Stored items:
○ ○ ○ ○ ○
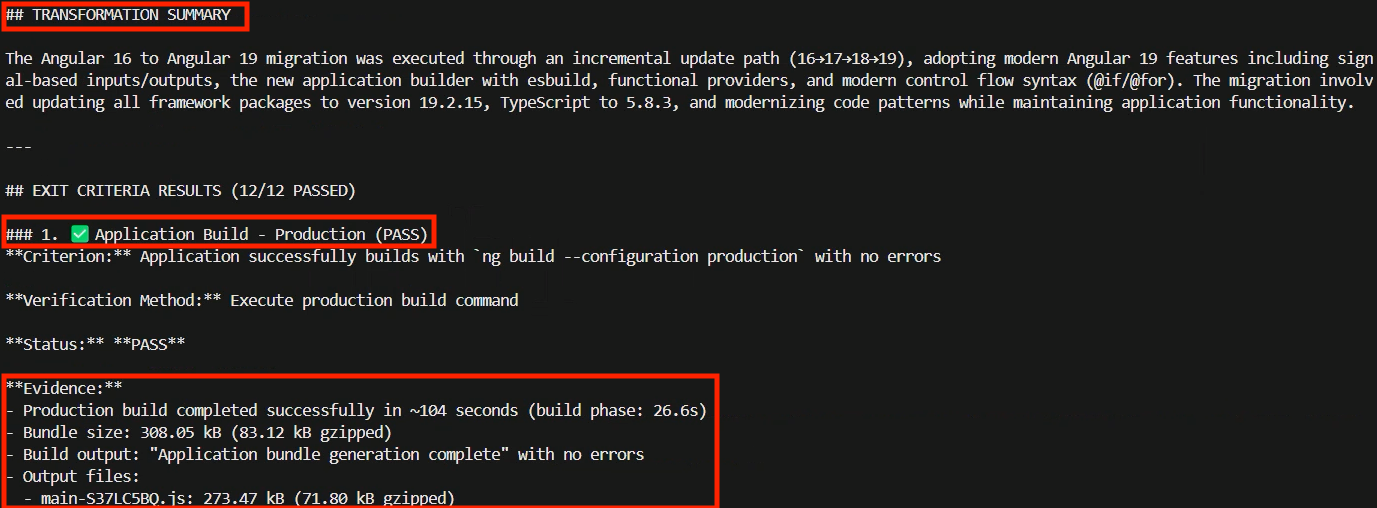 The time it takes will vary depending on the complexity of the application. In my case, it took a few minutes to complete. After it has finished, it provides me with a transformation summary and the status of each one of the exit criteria that were included in the final verification phase of the plan alongside all the evidence to support the reported status. For example, the Application Build – Production criteria was listed as passed and some of the evidence provided included the incremental Git commits, the time that it took to complete the production build, the bundle size, the build output message, and the details about all the output files created.
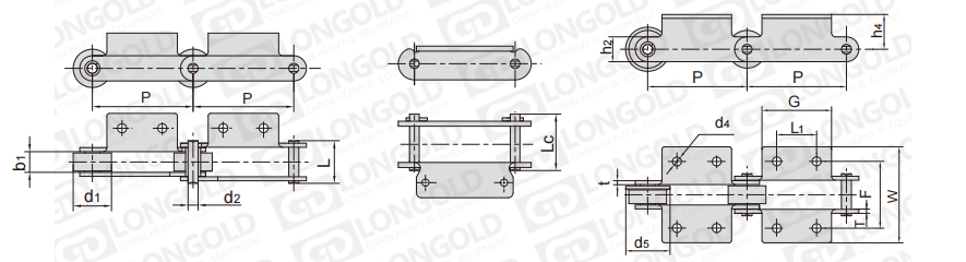 鏈條節(jié)距為非標(biāo)規(guī)格,需要安裝特定的附件,以用于物料的輸送。
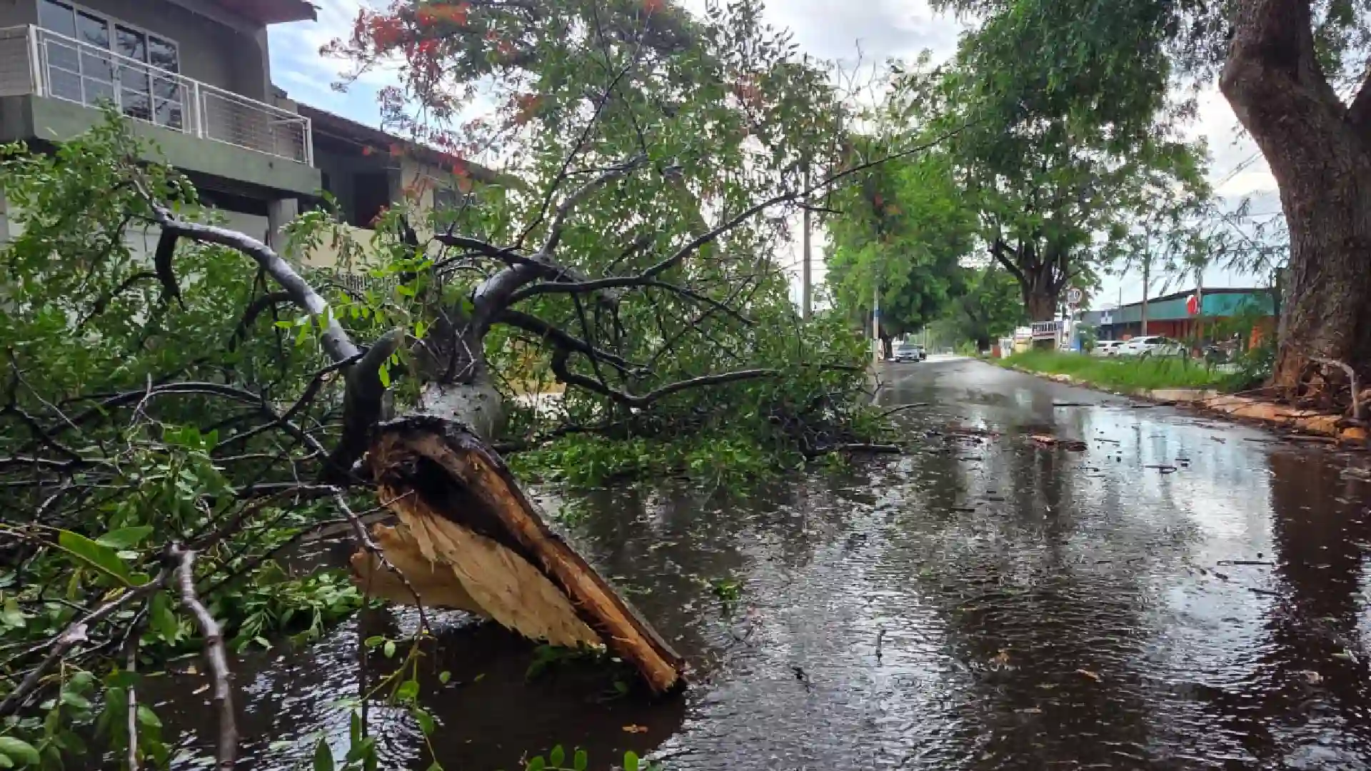 A forte ventania que antecedeu a chuva provocou a queda de árvores em Campo Grande. Na Avenida Manoel Joaquim de Moraes, entre as ruas Carajás e Clineu da Costa Morães, a árvore bloqueou completamente a via e deixou imóveis sem energia elétrica. Um comerciante local relatou preocupação com os prejuízos, já que a avenida concentra diversos estabelecimentos comerciais.
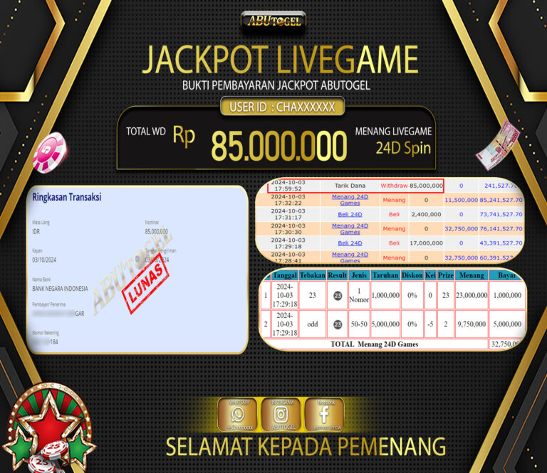 Bukti Jackpot ABUTOGEL Live Casino Kamis 03 Oktober 2024 - ABUTOGEL adalah situs live casino terpercaya. Berikut ini kami berikan info...
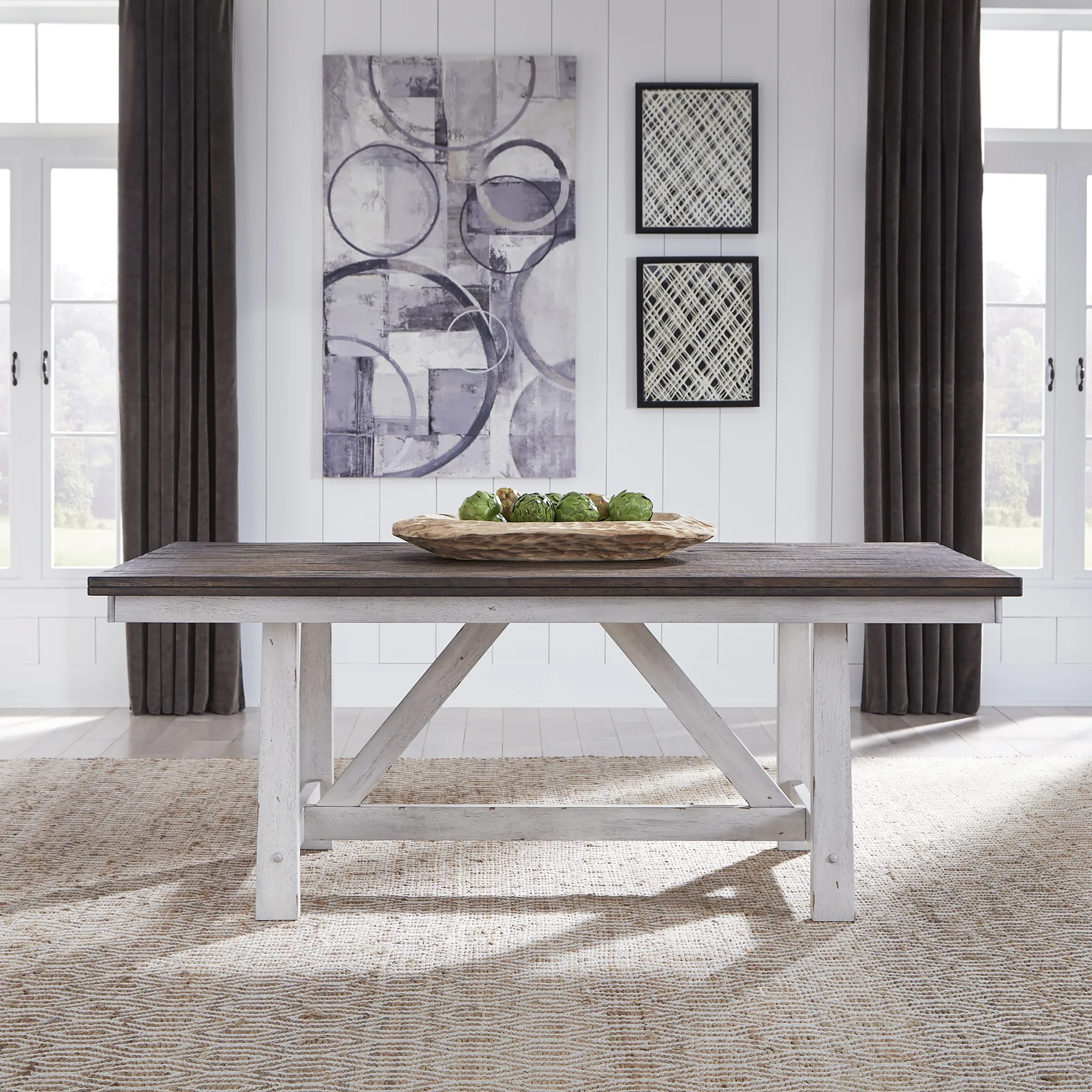 Sitting pretty with the Farmhouse seven-piece trestle table set. Crafted of rubberwood solids and veneers, this kit includes the fixed-top trestle table and six Windsor back side chairs. The trestle table features a timeless heavy distressing with a two-tone white and wood-tone finish with a planked top. The Windsor chairs, known for their comfort, feature nylon chair glides to protect your flooring and the same two-tone finish as the table.
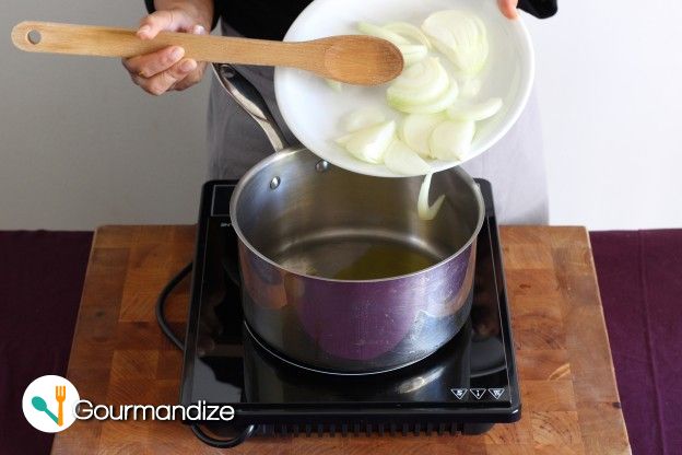 In a large saucepan, soften the onion in olive oil for about 5 minutes.
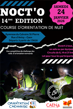 L'Orientation Caennaise a le plaisir de vous convier à la 14ème édition de la Noct'O qui se déroulera le samedi 24 janvier 2026.
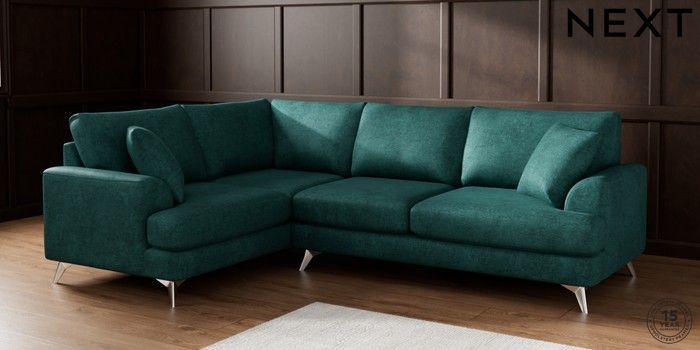 7.2.5 Buy Parker Medium Corner Sofa - Left Hand Plush Chenille Dark Teal Green High Metal - Chrome from the Next UK online shop Click here to use our accessible website
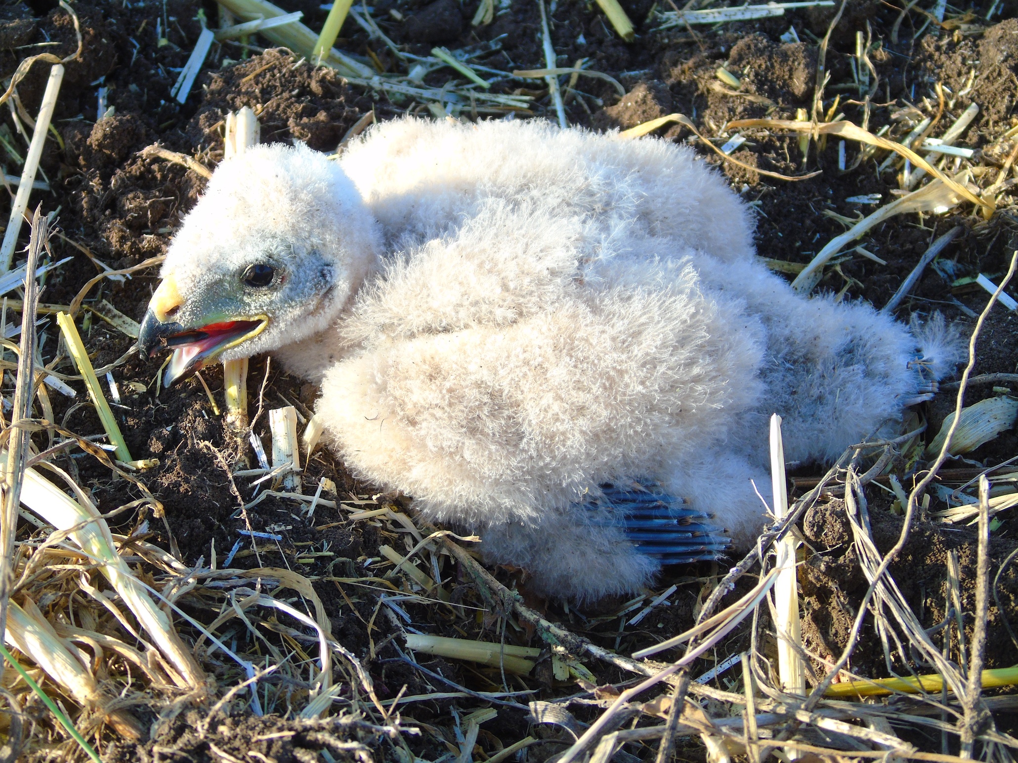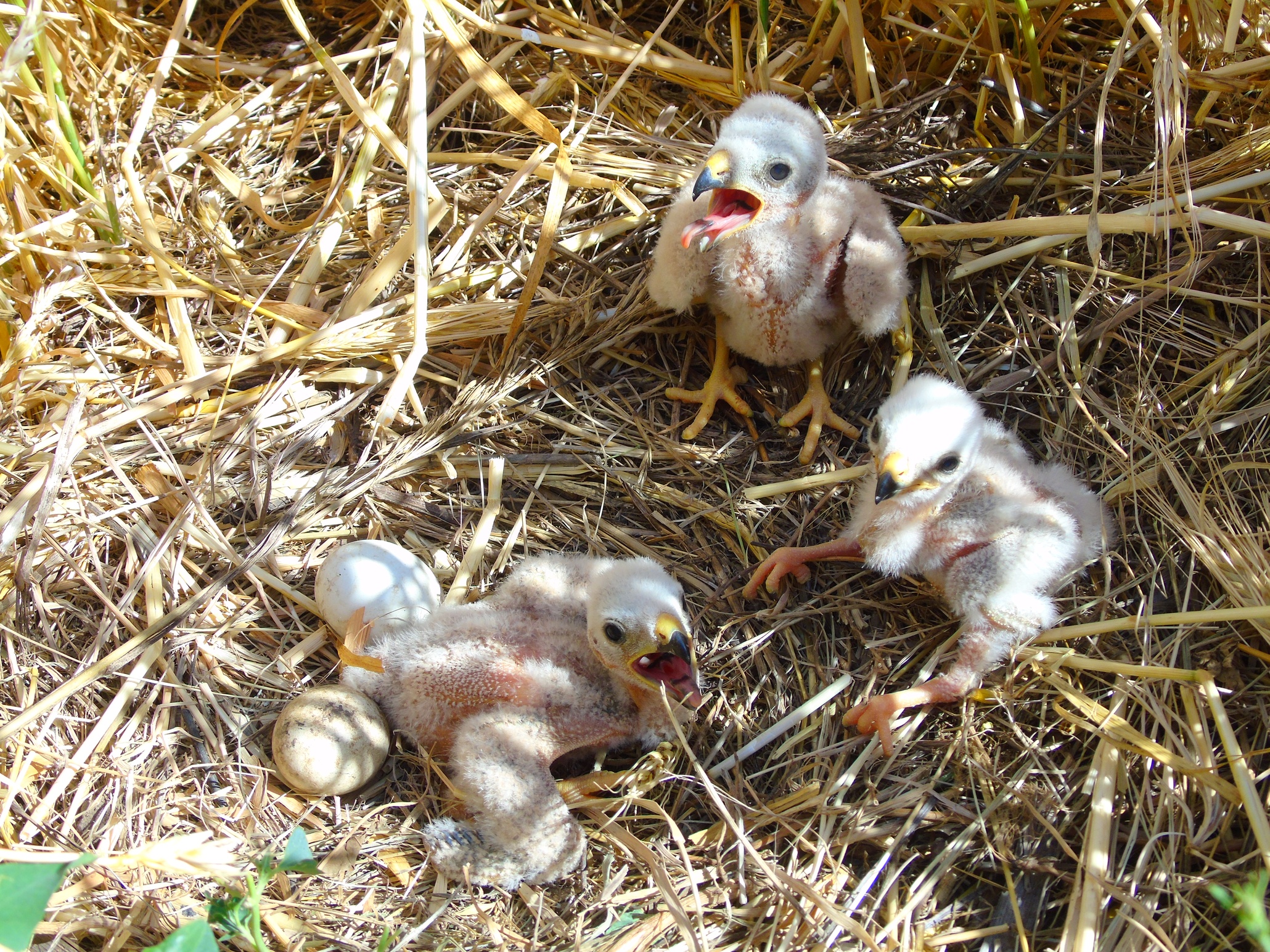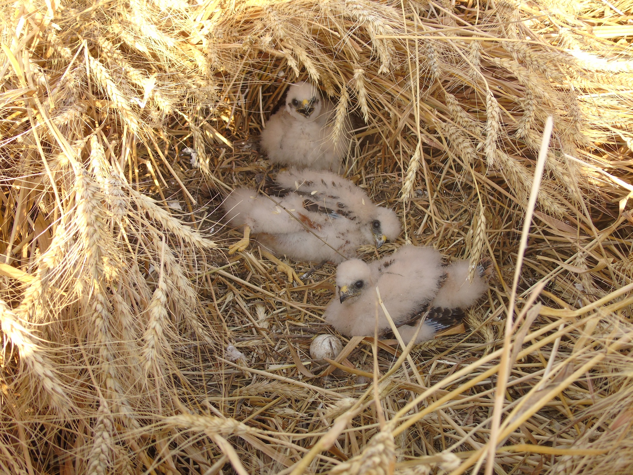 В 2019 г. удалось найти 3 гнезда луговых луней. Все они располагались в посевах озимой пшеницы и ячменя в окр. с. Волчанское и с. Юрьевка. Здесь 20.05 и 24.05. осмотрены две кладки по 5 яиц разной степени насиженности. Ещё одна поздняя, возможно, повторная кладка из 2-х свежих яиц найдена 28.05. Первые два гнезда мы проверили 15.06. и 16.06. В первом было 5 довольно крупных пуховиков. Во втором – три пуховика более младшего возраста и два яйца-«болтуна». Но при очередной проверке 19.06. оказалось, что на всех полях началась уборка урожая. Пятерых птенцов из первого гнезда удалось спасти только благодаря поломке комбайна поблизости от гнезда. На двух других полях кладка и выводок погибли. Каким-то образом после уборки и культивации ячменя уцелел лишь один птенец из второго гнезда и его также удалось спасти. Всех птенцов мы передали в Киевский зоопарк.
○ ○ ○ ○ ○
## [WHAT YOU SHOULD DO]
Output the data above in full and exactly, with every image left out.

## [RESULT]
 The time it takes will vary depending on the complexity of the application. In my case, it took a few minutes to complete. After it has finished, it provides me with a transformation summary and the status of each one of the exit criteria that were included in the final verification phase of the plan alongside all the evidence to support the reported status. For example, the Application Build – Production criteria was listed as passed and some of the evidence provided included the incremental Git commits, the time that it took to complete the production build, the bundle size, the build output message, and the details about all the output files created.
 鏈條節(jié)距為非標(biāo)規(guī)格,需要安裝特定的附件,以用于物料的輸送。
 A forte ventania que antecedeu a chuva provocou a queda de árvores em Campo Grande. Na Avenida Manoel Joaquim de Moraes, entre as ruas Carajás e Clineu da Costa Morães, a árvore bloqueou completamente a via e deixou imóveis sem energia elétrica. Um comerciante local relatou preocupação com os prejuízos, já que a avenida concentra diversos estabelecimentos comerciais.
 Bukti Jackpot ABUTOGEL Live Casino Kamis 03 Oktober 2024 - ABUTOGEL adalah situs live casino terpercaya. Berikut ini kami berikan info...
 Sitting pretty with the Farmhouse seven-piece trestle table set. Crafted of rubberwood solids and veneers, this kit includes the fixed-top trestle table and six Windsor back side chairs. The trestle table features a timeless heavy distressing with a two-tone white and wood-tone finish with a planked top. The Windsor chairs, known for their comfort, feature nylon chair glides to protect your flooring and the same two-tone finish as the table.
 In a large saucepan, soften the onion in olive oil for about 5 minutes.
 L'Orientation Caennaise a le plaisir de vous convier à la 14ème édition de la Noct'O qui se déroulera le samedi 24 janvier 2026.
 7.2.5 Buy Parker Medium Corner Sofa - Left Hand Plush Chenille Dark Teal Green High Metal - Chrome from the Next UK online shop Click here to use our accessible website
 В 2019 г. удалось найти 3 гнезда луговых луней. Все они располагались в посевах озимой пшеницы и ячменя в окр. с. Волчанское и с. Юрьевка. Здесь 20.05 и 24.05. осмотрены две кладки по 5 яиц разной степени насиженности. Ещё одна поздняя, возможно, повторная кладка из 2-х свежих яиц найдена 28.05. Первые два гнезда мы проверили 15.06. и 16.06. В первом было 5 довольно крупных пуховиков. Во втором – три пуховика более младшего возраста и два яйца-«болтуна». Но при очередной проверке 19.06. оказалось, что на всех полях началась уборка урожая. Пятерых птенцов из первого гнезда удалось спасти только благодаря поломке комбайна поблизости от гнезда. На двух других полях кладка и выводок погибли. Каким-то образом после уборки и культивации ячменя уцелел лишь один птенец из второго гнезда и его также удалось спасти. Всех птенцов мы передали в Киевский зоопарк.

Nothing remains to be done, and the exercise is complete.